Helping our transgender sisters in India

RWF provides important financial support to the Rainbow Home of the Seven Sisters, a shelter and community center for the marginalized Hijira/kinner (transgender) community, in the Joypur area of Guwahati, Assam. In India, most transgender people endure deep prejudice and open hostility. Many are rejected by family and are forced to leave home. Transgender women face severe employment discrimination and in desperation many beg or are forced into survival sex work.

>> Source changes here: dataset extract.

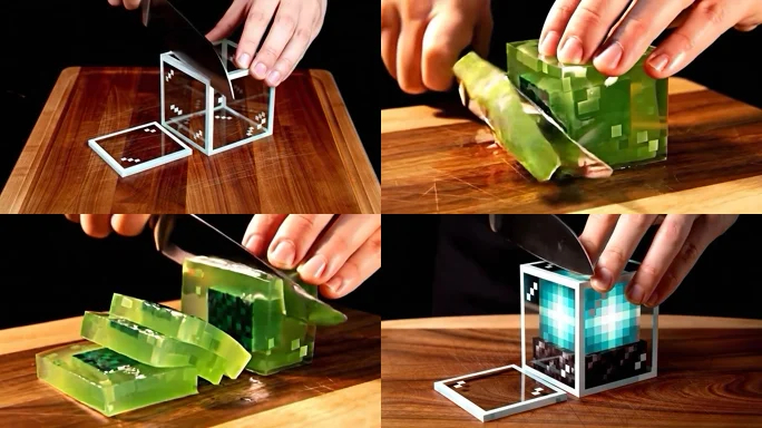 AI切割视频木头红砖粘液块信标书架萤石闪长岩我的世界游戏视频 1016*576,MP4,AIGC视频素材库,AI视频下载!

At Seven Sisters, the women are able to bond, support one another, organize, and begin to heal. The women receive emergency housing, psychological support, and vocational skills training. The home was opened in June 2021 and has already served over 400 women. Many of the women have been able to leave survival sex work and become self-sufficient.

Help transgender women in India achieve hope, safety, and dignity - please donate today!

LGBTQ+ rights in India

Although LGBTQ+ citizens of India still face social and legal difficulties not faced by non-LGBTQ+ persons, LGBTQ+ rights there have evolved rapidly in recent years. The last decade has seen powerful political movements in favor of LGBTQ+ rights, as well as favorable Supreme Court decisions. The result is that Indians are more accepting of same-sex relationships, with support rising from 15% to 37% for the country as a whole over the period, and reaching 75% among urban youth.

 In 2018, India’s Supreme Court struck down a colonial-era law prohibiting gay sex, so there are currently no legal prohibitions of gay sex or sexual expression in the country. LGBTQ+ Indians are protected from discrimination including in housing and employment. Although the Court declined in October, 2023, to legalize same-sex marriage, earlier decisions granted same-sex couples many of the same rights as married heterosexual couples under a cohabitation or live-in relationship status.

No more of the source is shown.